- GOAL OF THE EXERCISE: Verbatim copy without images: repeat the records in full.

━━━ DATA EXTRACT ━━━

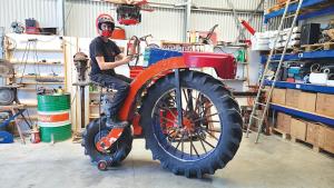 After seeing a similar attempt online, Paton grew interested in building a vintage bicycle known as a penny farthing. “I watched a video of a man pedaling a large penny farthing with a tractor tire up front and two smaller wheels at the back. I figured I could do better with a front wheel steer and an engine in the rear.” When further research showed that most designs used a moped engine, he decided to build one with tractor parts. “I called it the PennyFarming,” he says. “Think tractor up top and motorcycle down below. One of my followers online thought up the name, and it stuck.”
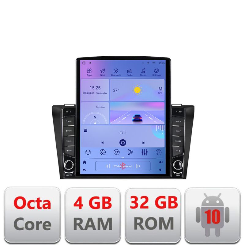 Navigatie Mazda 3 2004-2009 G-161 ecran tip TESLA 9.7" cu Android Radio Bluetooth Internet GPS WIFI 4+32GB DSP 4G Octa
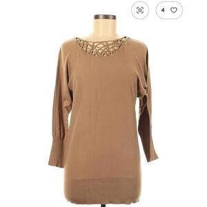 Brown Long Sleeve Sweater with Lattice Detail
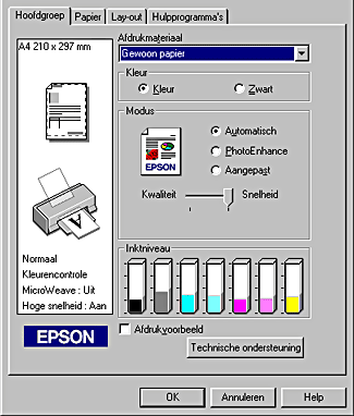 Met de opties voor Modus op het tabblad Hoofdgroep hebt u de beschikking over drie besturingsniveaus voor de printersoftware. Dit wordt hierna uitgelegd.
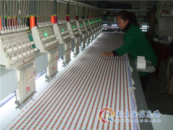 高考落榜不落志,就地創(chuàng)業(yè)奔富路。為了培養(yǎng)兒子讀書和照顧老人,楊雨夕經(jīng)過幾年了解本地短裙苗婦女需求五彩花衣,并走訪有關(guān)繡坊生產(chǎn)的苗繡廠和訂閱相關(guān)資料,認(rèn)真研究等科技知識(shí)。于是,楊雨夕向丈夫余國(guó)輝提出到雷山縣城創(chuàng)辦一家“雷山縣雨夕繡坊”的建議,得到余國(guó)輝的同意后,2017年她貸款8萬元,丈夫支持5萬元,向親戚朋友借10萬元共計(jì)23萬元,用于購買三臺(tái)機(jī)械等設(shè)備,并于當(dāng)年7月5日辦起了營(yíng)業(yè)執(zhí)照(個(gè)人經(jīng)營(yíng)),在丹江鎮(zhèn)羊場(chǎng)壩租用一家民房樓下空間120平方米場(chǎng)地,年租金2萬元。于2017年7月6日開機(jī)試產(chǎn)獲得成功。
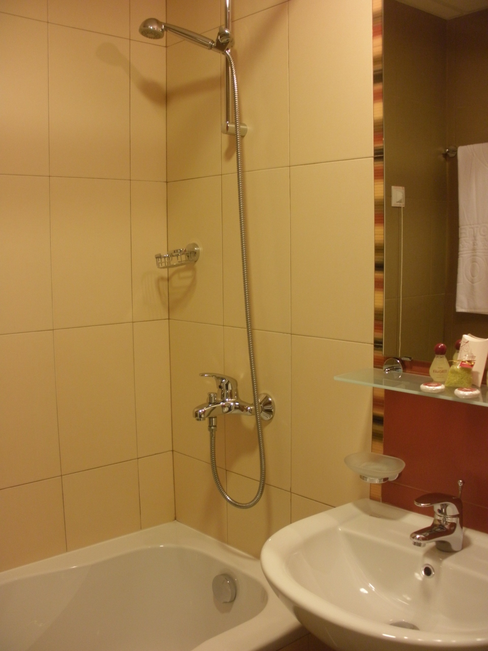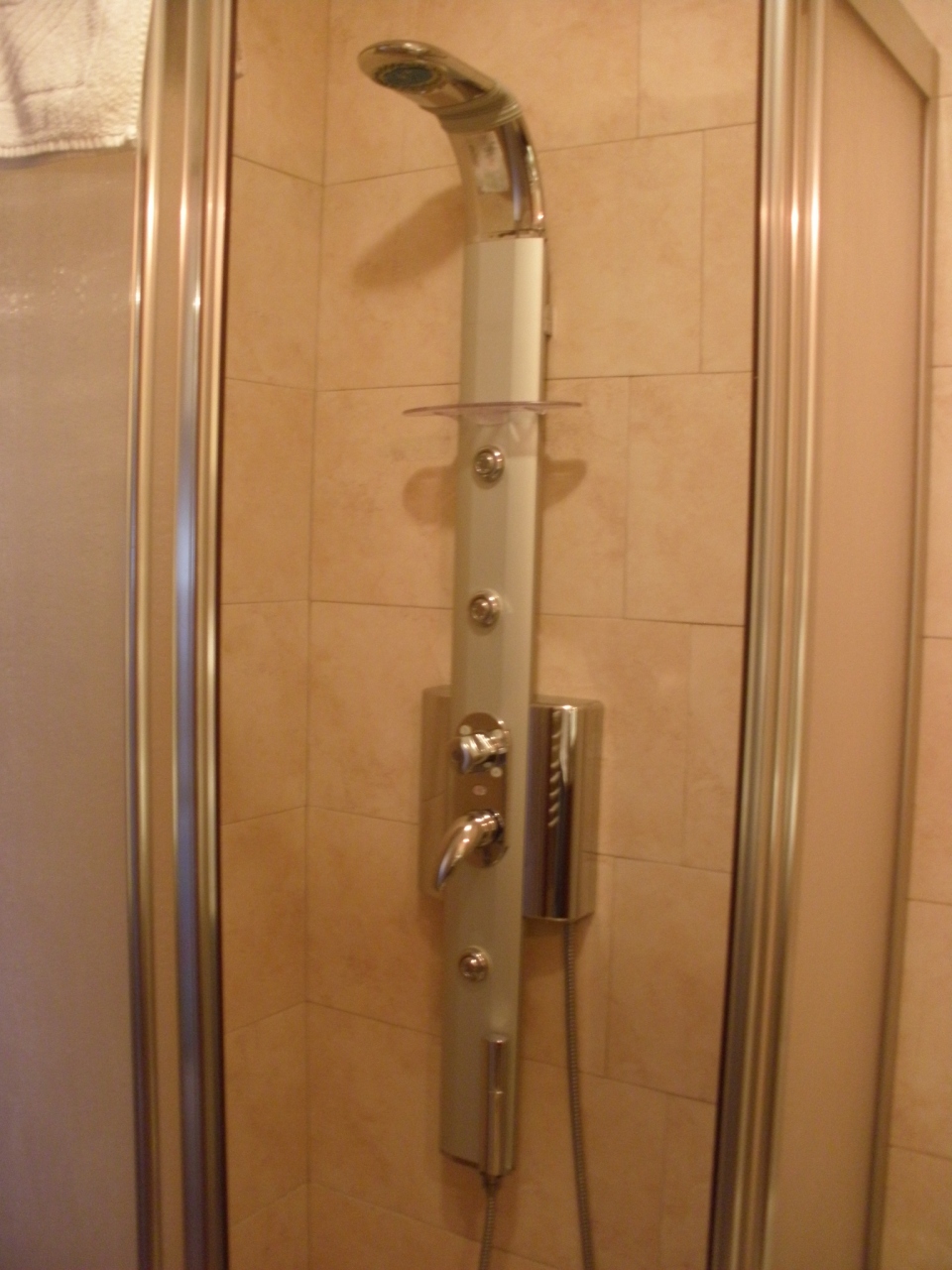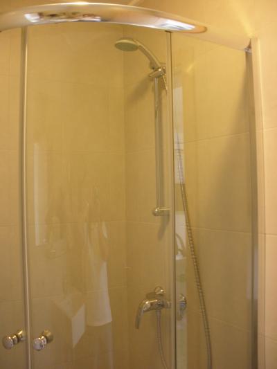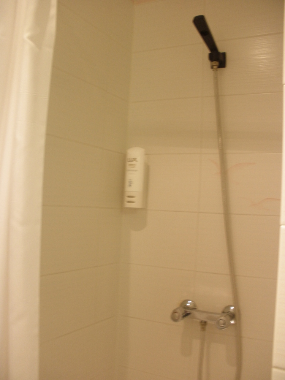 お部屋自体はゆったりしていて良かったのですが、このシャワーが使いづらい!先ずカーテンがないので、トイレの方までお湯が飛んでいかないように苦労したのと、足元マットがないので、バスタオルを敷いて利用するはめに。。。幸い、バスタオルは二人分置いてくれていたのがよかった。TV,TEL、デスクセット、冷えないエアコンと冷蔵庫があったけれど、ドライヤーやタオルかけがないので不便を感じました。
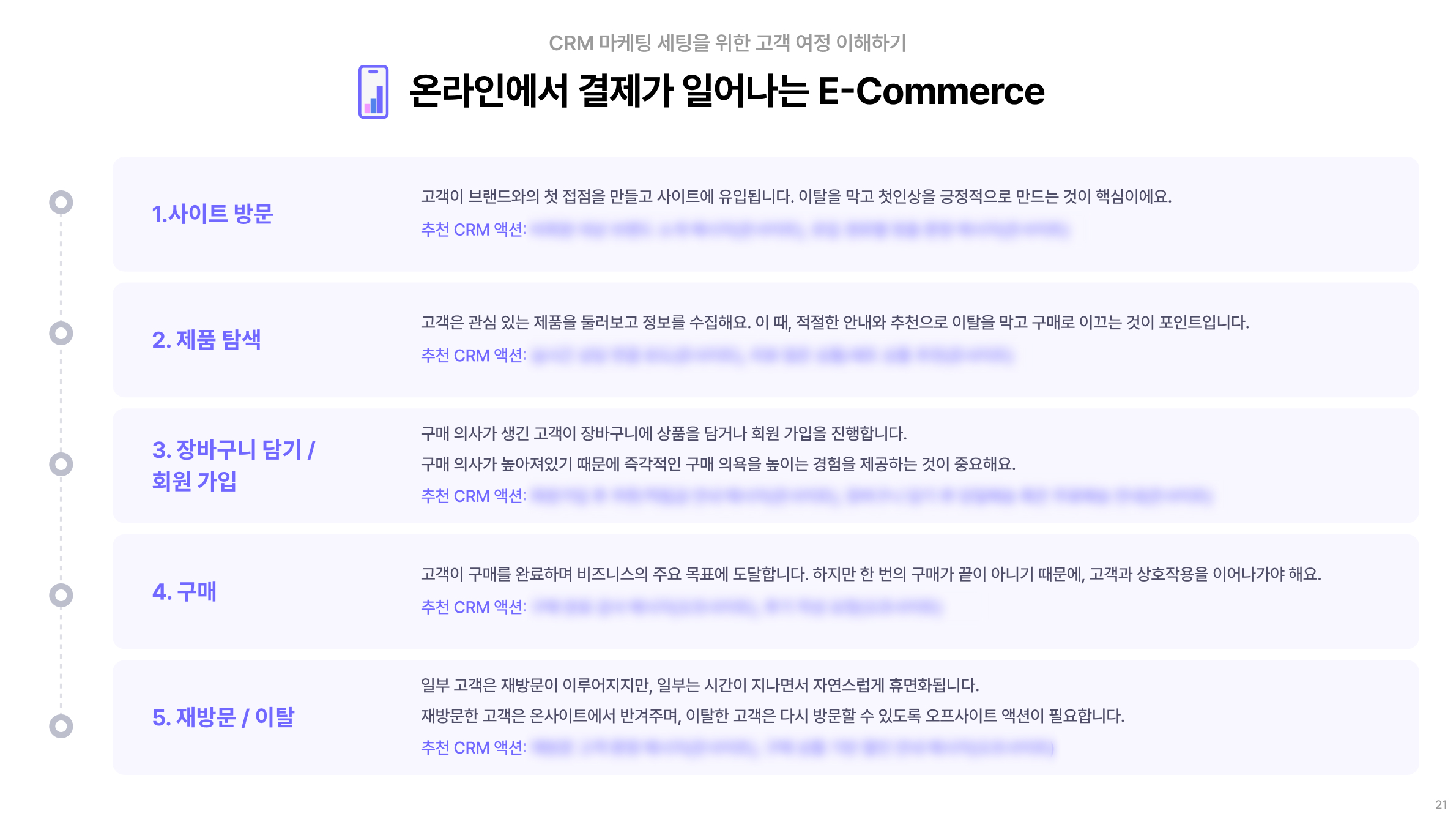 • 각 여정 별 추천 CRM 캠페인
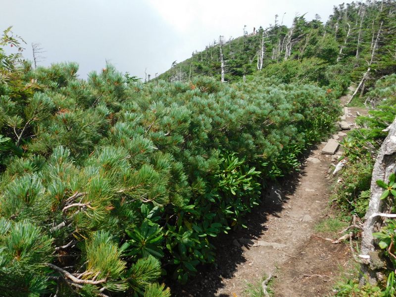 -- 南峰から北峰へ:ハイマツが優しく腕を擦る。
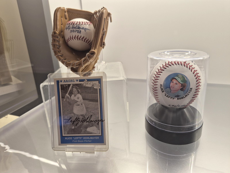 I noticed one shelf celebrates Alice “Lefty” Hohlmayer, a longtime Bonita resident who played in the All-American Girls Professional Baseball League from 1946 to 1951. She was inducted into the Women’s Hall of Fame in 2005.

━━━

- COMPLETED TASK:
 After seeing a similar attempt online, Paton grew interested in building a vintage bicycle known as a penny farthing. “I watched a video of a man pedaling a large penny farthing with a tractor tire up front and two smaller wheels at the back. I figured I could do better with a front wheel steer and an engine in the rear.” When further research showed that most designs used a moped engine, he decided to build one with tractor parts. “I called it the PennyFarming,” he says. “Think tractor up top and motorcycle down below. One of my followers online thought up the name, and it stuck.”
 Navigatie Mazda 3 2004-2009 G-161 ecran tip TESLA 9.7" cu Android Radio Bluetooth Internet GPS WIFI 4+32GB DSP 4G Octa
 Brown Long Sleeve Sweater with Lattice Detail
 Met de opties voor Modus op het tabblad Hoofdgroep hebt u de beschikking over drie besturingsniveaus voor de printersoftware. Dit wordt hierna uitgelegd.
 高考落榜不落志,就地創(chuàng)業(yè)奔富路。為了培養(yǎng)兒子讀書和照顧老人,楊雨夕經(jīng)過幾年了解本地短裙苗婦女需求五彩花衣,并走訪有關(guān)繡坊生產(chǎn)的苗繡廠和訂閱相關(guān)資料,認(rèn)真研究等科技知識(shí)。于是,楊雨夕向丈夫余國(guó)輝提出到雷山縣城創(chuàng)辦一家“雷山縣雨夕繡坊”的建議,得到余國(guó)輝的同意后,2017年她貸款8萬元,丈夫支持5萬元,向親戚朋友借10萬元共計(jì)23萬元,用于購買三臺(tái)機(jī)械等設(shè)備,并于當(dāng)年7月5日辦起了營(yíng)業(yè)執(zhí)照(個(gè)人經(jīng)營(yíng)),在丹江鎮(zhèn)羊場(chǎng)壩租用一家民房樓下空間120平方米場(chǎng)地,年租金2萬元。于2017年7月6日開機(jī)試產(chǎn)獲得成功。
 お部屋自体はゆったりしていて良かったのですが、このシャワーが使いづらい!先ずカーテンがないので、トイレの方までお湯が飛んでいかないように苦労したのと、足元マットがないので、バスタオルを敷いて利用するはめに。。。幸い、バスタオルは二人分置いてくれていたのがよかった。TV,TEL、デスクセット、冷えないエアコンと冷蔵庫があったけれど、ドライヤーやタオルかけがないので不便を感じました。
 • 각 여정 별 추천 CRM 캠페인
 -- 南峰から北峰へ:ハイマツが優しく腕を擦る。
 I noticed one shelf celebrates Alice “Lefty” Hohlmayer, a longtime Bonita resident who played in the All-American Girls Professional Baseball League from 1946 to 1951. She was inducted into the Women’s Hall of Fame in 2005.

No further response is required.